Question

A basic solution of $\text{(OH) = 0}\text{.1M}$ is required from $\text{Ca(OH}{{\text{)}}_{2}}$ which is 40% ionized. Analytical molarity of $\text{Ca(OH}{{\text{)}}_{2}}$ is:
A. 0.04M
B. 0.4M
C. 0.25M
D. 0.125M
E. 1.25M

Answer 1

Hint: For this problem, as we know that one molecule of calcium hydroxide gives 2 molecules of basic ion i.e. hydroxyl ion when it will ionise completely.
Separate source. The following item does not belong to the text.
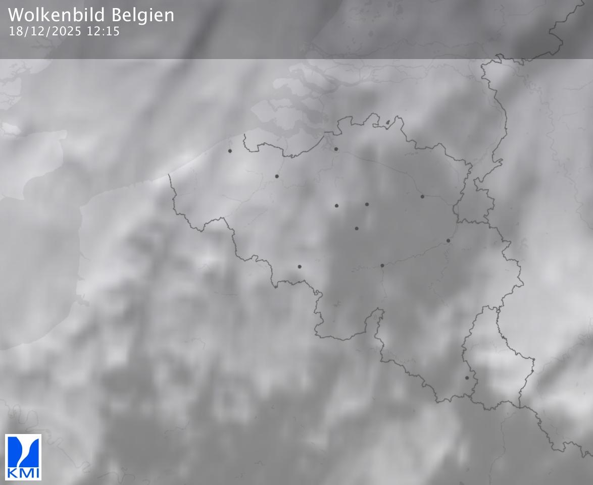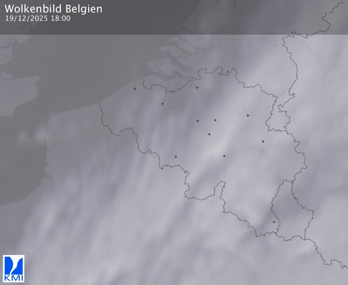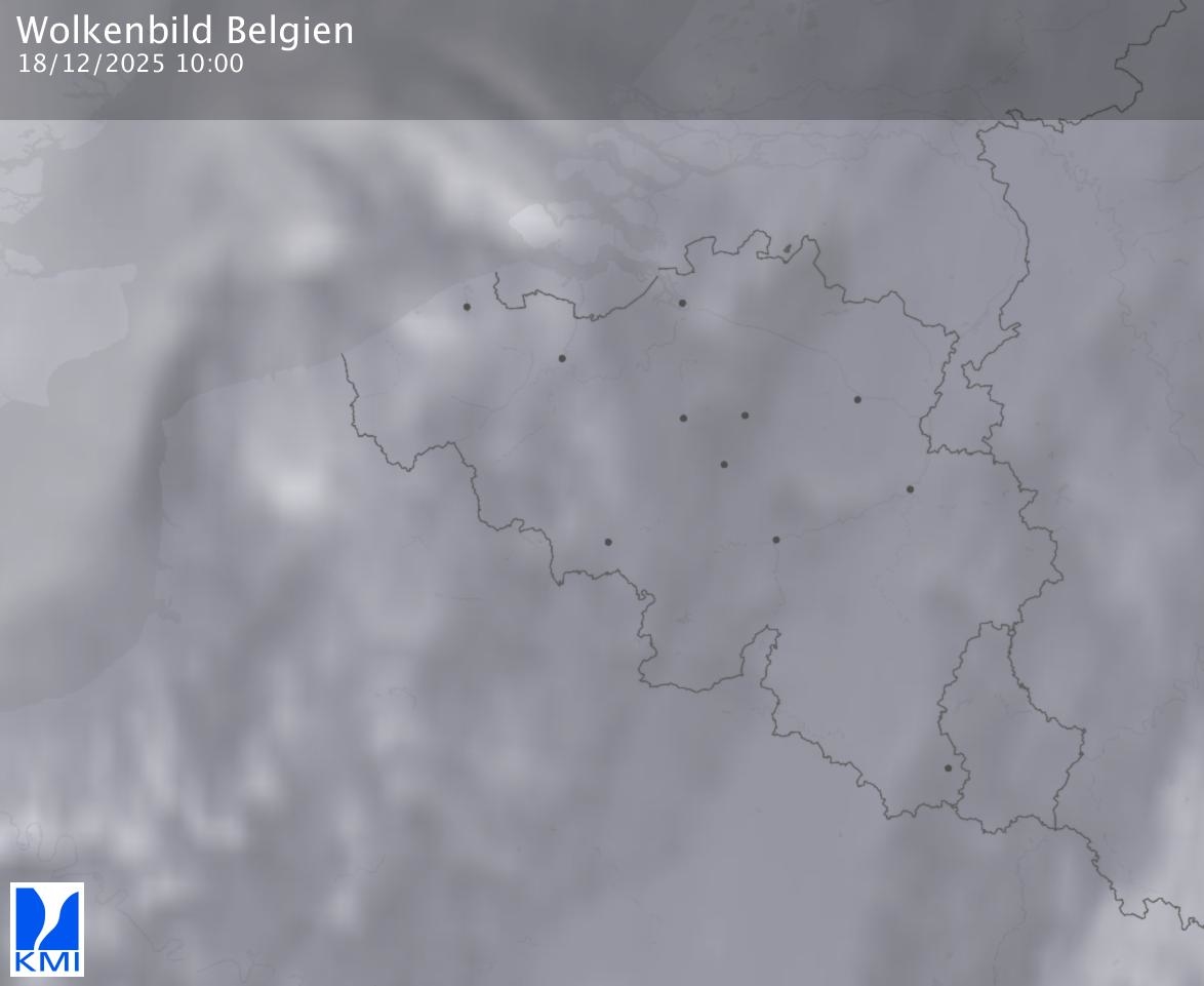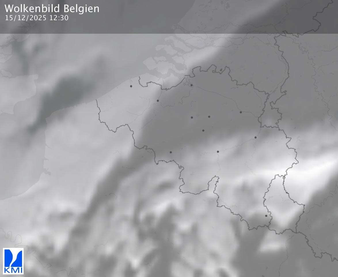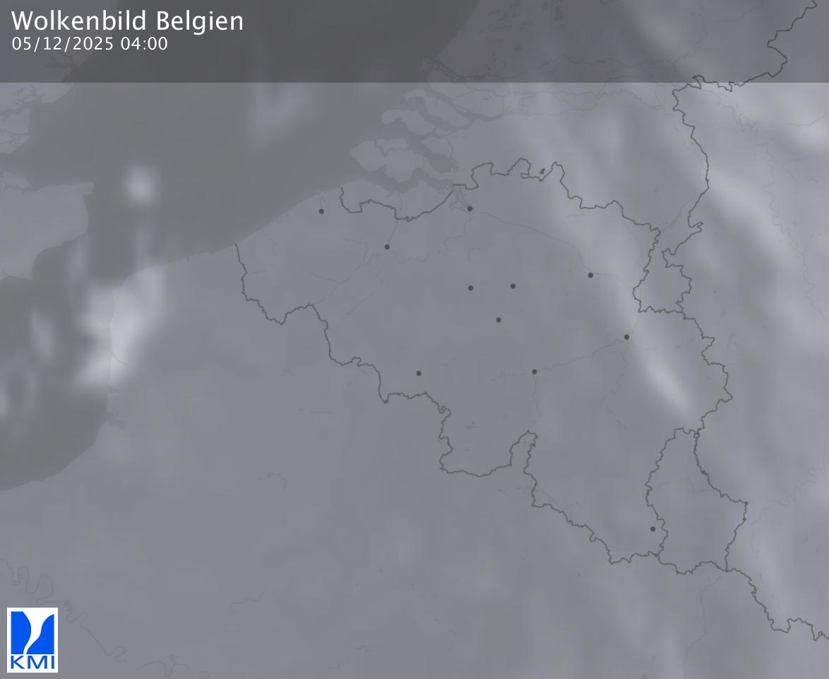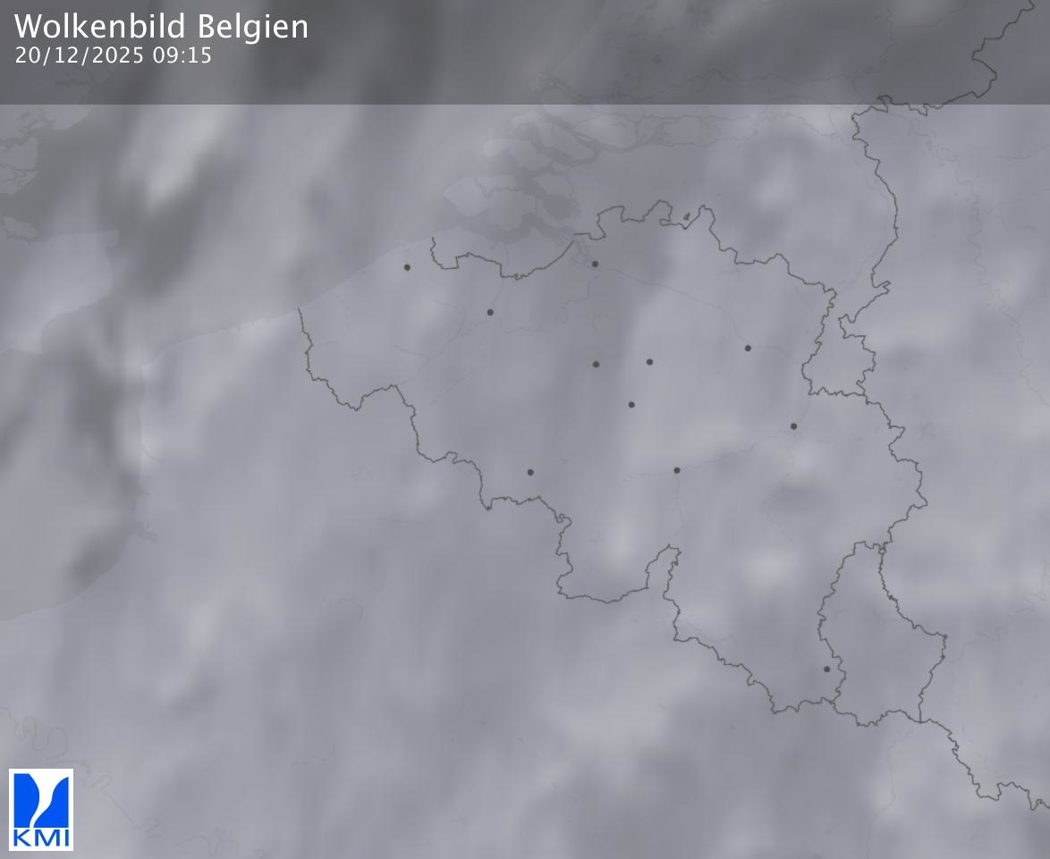 Das Wolkenbild Belgiens ist eine Kombination der sichtbaren und Infrarotkanäle des Satelliten.

So, we will find the number of hydroxyl ions when it will ionise 40%.

Complete step by step answer:
- In the given question, we have to calculate the molarity or the concentration of calcium hydroxide by using the given data.
- As we know that ionisation is the process when the molecule dissociates to give its respective ions.
- Also, molarity is defined as the ratio of a number of moles of solute to the volume of the solution in litres and it has a unit of M. So, it can be calculated by using the formula:
$\text{Molarity = }\dfrac{\text{No}\text{. of moles of solute}}{\text{Volume (Litres)}}$
- Now, the concentration of the hydroxyl ion is given as 0.1M and also it is told that the calcium hydroxide ionises only 40%.
- So, firstly we know that the one molecules of calcium hydroxide will give 2 hydroxyl ions as shown below in the reaction:
$\text{Ca(OH}{{\text{)}}_{2}}\text{ }\to \text{ C}{{\text{a}}^{2+}}\ \text{+ 2O}{{\text{H}}^{-}}$
- So, if it will completely ionise to give o.1M hydroxyl ions, then the concentration of the calcium hydroxide required will be:
$\Rightarrow \dfrac{\text{0}\text{.1}}{2}\text{ = 0}\text{.05M}$
- But it is given that the calcium hydroxide will ionise only 40%, then the solution required will be:
$\Rightarrow \dfrac{\text{40}}{100}\text{ }\times \text{ 0}\text{.05 = 0}\text{.125M}$

So, the correct answer is “Option D”.

Note: Analytical molarity is different from that of the normal molarity because it helps in determining the preparation of the solution whose molarity is given and also its unit is M.